Combining Boolean and Fancy Indexing
Boolean masks and fancy indexing can work together for complex selection logic.
data = np.random.randint(0, 100, size=(5, 8))
# Find column indices where values exceed threshold
threshold = 50
mask = data > threshold
# Get row-wise maximum value indices
max_indices = np.argmax(data, axis=1)
rows = np.arange(data.shape[0])
# Extract maximum values
max_values = data[rows, max_indices]
print("Max values per row:", max_values)
# Replace values using fancy indexing
replacement_rows = np.array([0, 2, 4])
replacement_cols = np.array([1, 3, 5])
data[replacement_rows, replacement_cols] = -1
This pattern frequently appears in machine learning preprocessing, where you need to manipulate specific elements based on computed indices or conditions.
Performance Considerations
Fancy indexing performance characteristics differ significantly from basic slicing due to copy semantics and non-contiguous memory access patterns.
import time
# Large array
large_array = np.random.rand(10000, 10000)
# Slicing (view, fast)
start = time.time()
view = large_array[1000:2000, 2000:3000]
view_time = time.time() - start
# Fancy indexing (copy, slower)
start = time.time()
rows = np.arange(1000, 2000)
cols = np.arange(2000, 3000)
fancy = large_array[np.ix_(rows, cols)]
fancy_time = time.time() - start
print(f"Slicing: {view_time:.6f}s")
print(f"Fancy indexing: {fancy_time:.6f}s")
# Memory implications
print(f"View shares memory: {np.shares_memory(large_array, view)}")
print(f"Fancy copy shares memory: {np.shares_memory(large_array, fancy)}")
For read-only operations on contiguous data sections, prefer slicing. Use fancy indexing when you need arbitrary element selection, data reordering, or guaranteed independent copies.
Practical Applications
Fancy indexing solves real-world problems elegantly. Here are common patterns:
# Reorder data based on sort indices
scores = np.array([85, 92, 78, 95, 88])
names = np.array(['Alice', 'Bob', 'Charlie', 'David', 'Eve'])
sort_indices = np.argsort(scores)[::-1] # Descending
sorted_scores = scores[sort_indices]
sorted_names = names[sort_indices]
print(sorted_names) # ['David' 'Bob' 'Eve' 'Alice' 'Charlie']
# Lookup table implementation
category_codes = np.array([2, 0, 1, 2, 0, 1])
category_names = np.array(['Red', 'Green', 'Blue'])
decoded = category_names[category_codes]
print(decoded) # ['Blue' 'Red' 'Green' 'Blue' 'Red' 'Green']
# Extract diagonal elements
matrix = np.arange(16).reshape(4, 4)
diag_indices = np.arange(4)
diagonal = matrix[diag_indices, diag_indices]
print(diagonal) # [0 5 10 15]
# Sample without replacement
data = np.arange(100)
sample_indices = np.random.choice(100, size=10, replace=False)

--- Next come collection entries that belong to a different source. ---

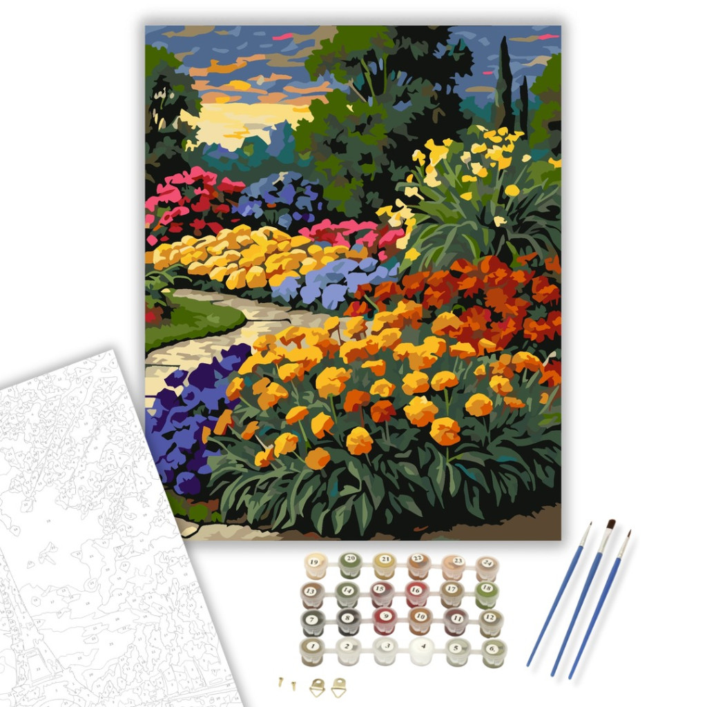 Számfestő készlet – Naplemente Virágoskert Harmóniája – 40×50 cm (Keret nélkül)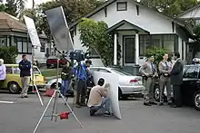 - Una producción de escala más grande con una tripulación de 5 o más personas y un tráiler o camión de producción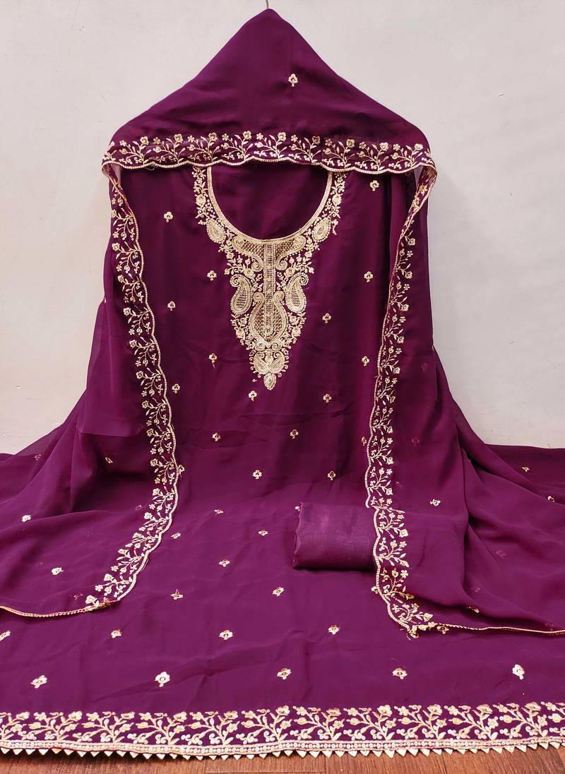 | Product Description | Designer Heavy Thread Embroidered And Fancy Border With Designer Embroidered Dupatta Straight Style 1.80 Mtr Unstitched Dress Material Top Of Purple Colour Georgette Fabric With 2 Mtr Santoon As Lining Inner Fabric Also Including 3.60 Mtr Unstiched Bottom Material Of Purple Colour Santoon Fabric With 2.10 Mtr Dupatta Of Purple Colour Georgette Fabric By Shadow & Saining Brand |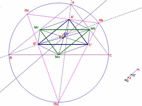 Como ya se ha probado en el apartado anterior, el punto J ejerce de centro de simetría del triángulo A'B'C' respecto del MaMbMc y así ocurrirá también con los respectivos baricentros G' y G de ambos triángulos. Señalemos que el punto G, baricentro del triángulo ABC es el mismo baricentro para su triángulo medial MaMbMc .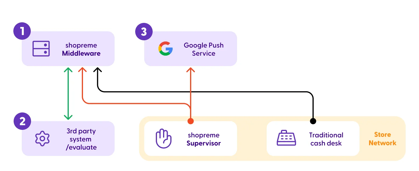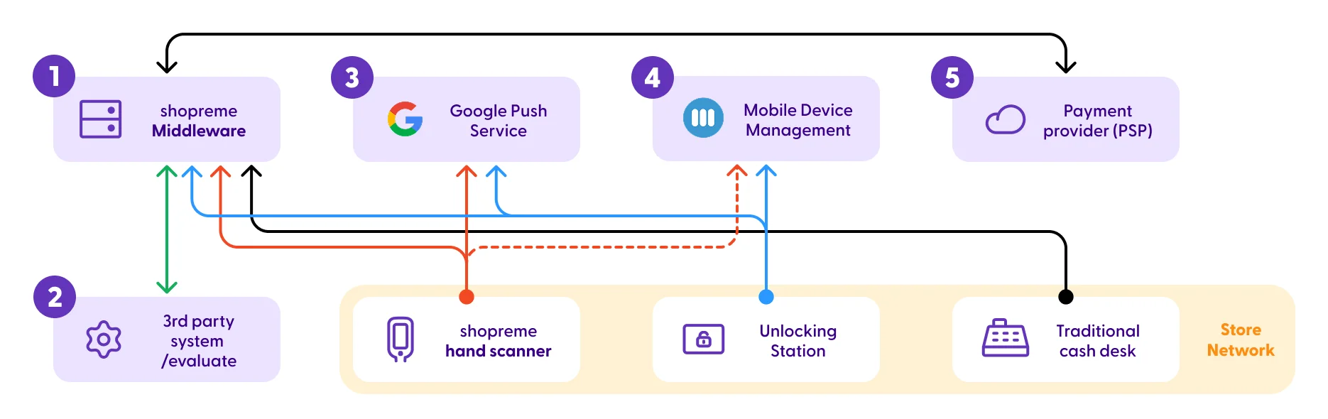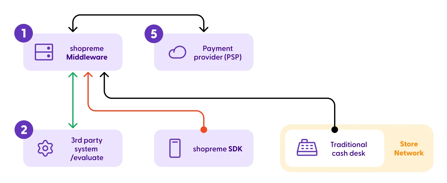 shopreme Middleware: The shopreme backend acts as middleware to handle requests to third-party services, such as payment providers. This means that the shopreme apps do not communicate directly to a payment provider (e.g. Adyen) but to the shopreme backend, which in turn handles the payment logic.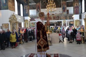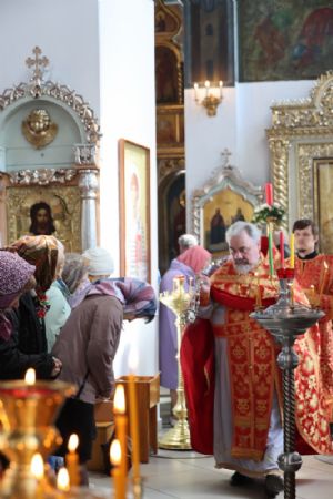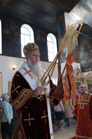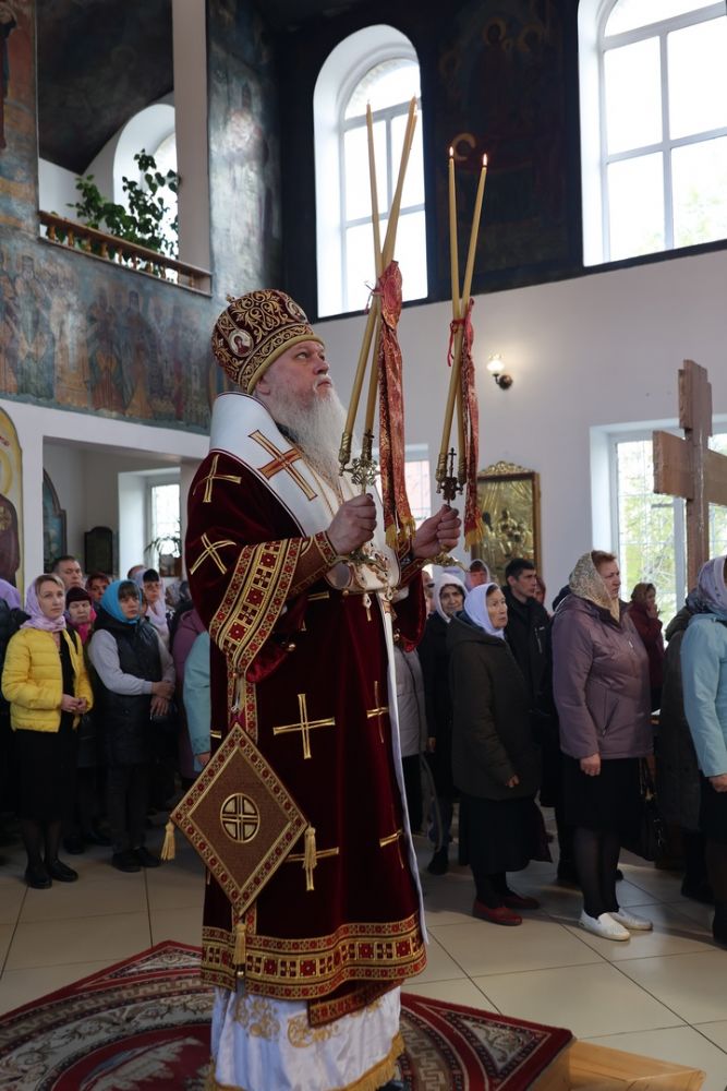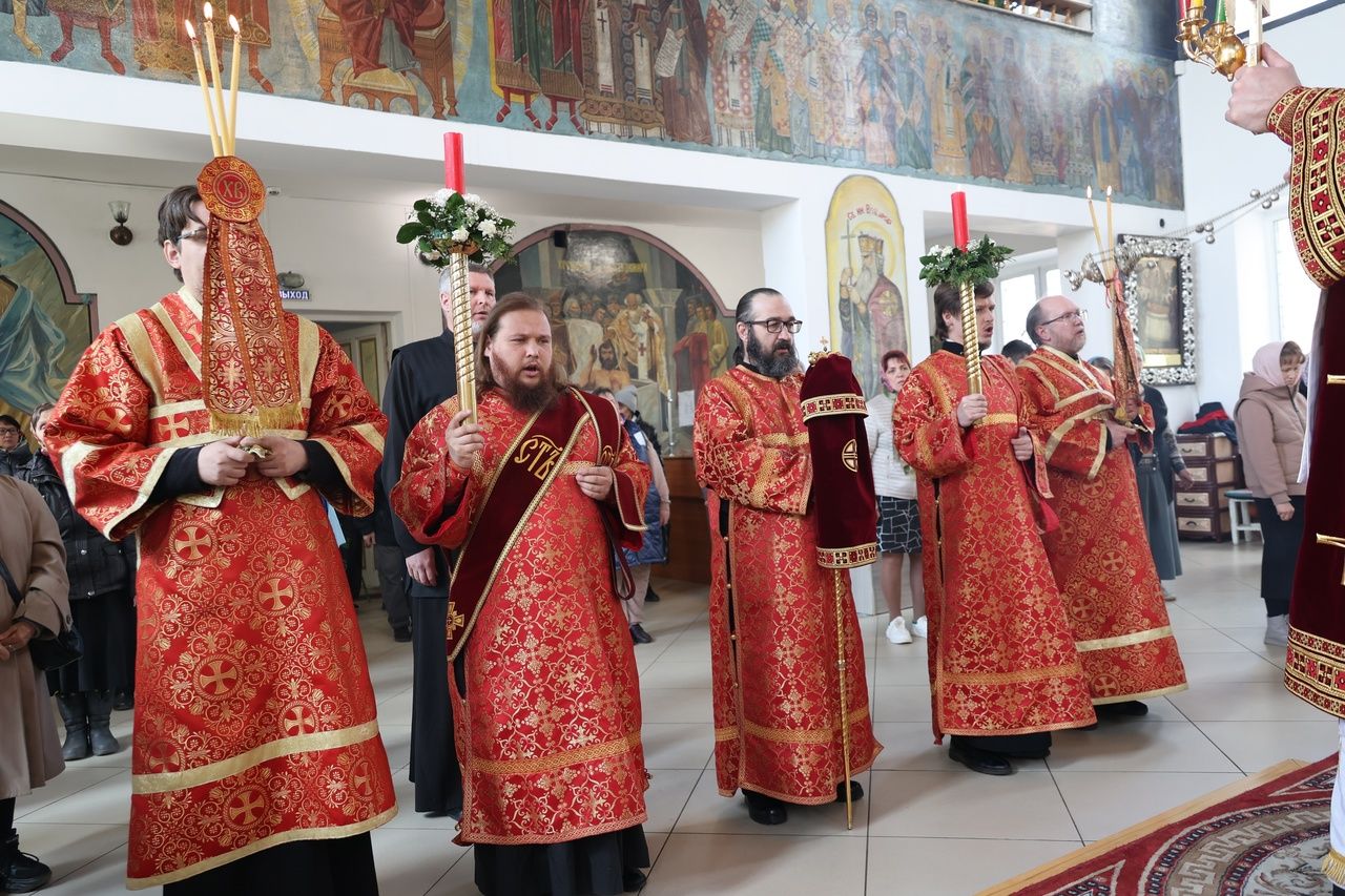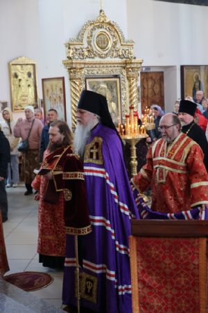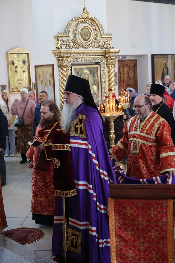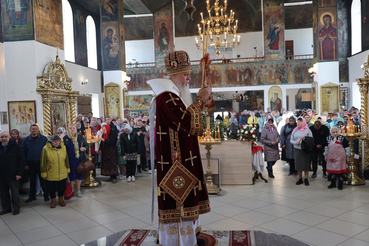 Архипастырю сослужили клирики собора, песнопения исполнял архиерейский хор под управлением Любови Михеевой.

sample = data[sample_indices]
These patterns appear frequently in data preprocessing, categorical encoding, matrix operations, and statistical sampling workflows.
Assignment with Fancy Indexing
Fancy indexing supports assignment operations, though with important caveats regarding duplicate indices.
arr = np.zeros(10)
# Basic assignment
indices = np.array([0, 2, 5, 8])
arr[indices] = 99
print(arr) # [99. 0. 99. 0. 0. 99. 0. 0. 99. 0.]
# Duplicate indices - only last assignment persists
arr = np.zeros(10)
indices = np.array([2, 2, 2])
values = np.array([1, 2, 3])
arr[indices] = values
print(arr[2]) # 3 (not 6!)
# Use np.add.at for accumulation
arr = np.zeros(10)
np.add.at(arr, indices, values)
print(arr[2]) # 6 (accumulated)
When duplicate indices appear in assignment, NumPy doesn’t accumulate values—it performs multiple assignments where later values overwrite earlier ones. Use np.add.at() or similar ufunc methods for accumulation semantics.